Our study has practical implications. The main result from our study is the predominance of digenic disequilibria coupled with insignificant high-order disequilibria. This result supports the current intensive effort of using gametic LD for GWAS and genomic selection in cattle and other animal species. It has been demonstrated (e.g., [3]) that gametic LD in domestic animals may occur at a long distance (> 1 cM) due to the rapid and sudden decline of population size (bottleneck effect) during domestication and at breed formation, in comparison to the situation in human where there is no gametic LD at long distances.
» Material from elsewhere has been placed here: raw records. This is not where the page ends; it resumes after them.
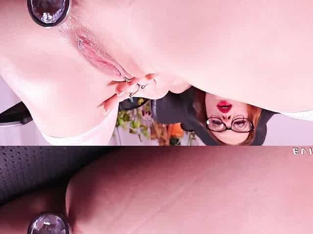 Flexible chick in stockings sticks a fat dildo deep in her anal hole
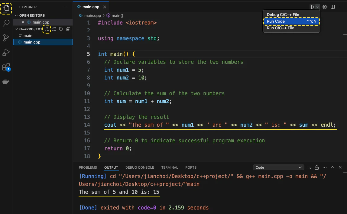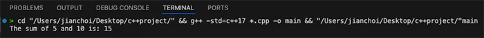 Code Runner 설정을 수정한 뒤 main.cpp 파일을 다시 실행시키면 이미지와 같이 터미널에서 코드가 실행되는 것을 확인할 수 있으며, 실행 명령어도 수정된 명령어가 적용된 것을 확인할 수 있습니다.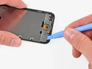 Вставьте кромку инструмента для вскрытия iPod между передней стеклянной панелью и пластиковой рамкой около кнопки «Домой».

However, it has also been suspected that such LD may be in part due to false positive associations resulted from a mixture of multiple breeds or other causes. If the breeds can be identified through pedigree information, Goddard and Hayes [3] suggested the use of breeds as a covariate in the statistical model to minimize such false positive associations. However, animals in our composite beef population had been produced through multi-sire breeding group natural service on pasture over 4-5 generations. Clearly, their breed identity is no longer available despite the inference of parent identity based on the BovineSNP50 Beadchip. So the suggestion by Goddard and Hayes [3] may not be feasible for this composite beef population. Nevertheless, since lack of high-order trigenic and quadrigenic disequilibria coupled with the evidence of insignificant HWD would indicate little non-gametic multilocus correlation [19], our analysis may provide a quick, practical means of assessing the importance of the false positive associations in a multi-breed population.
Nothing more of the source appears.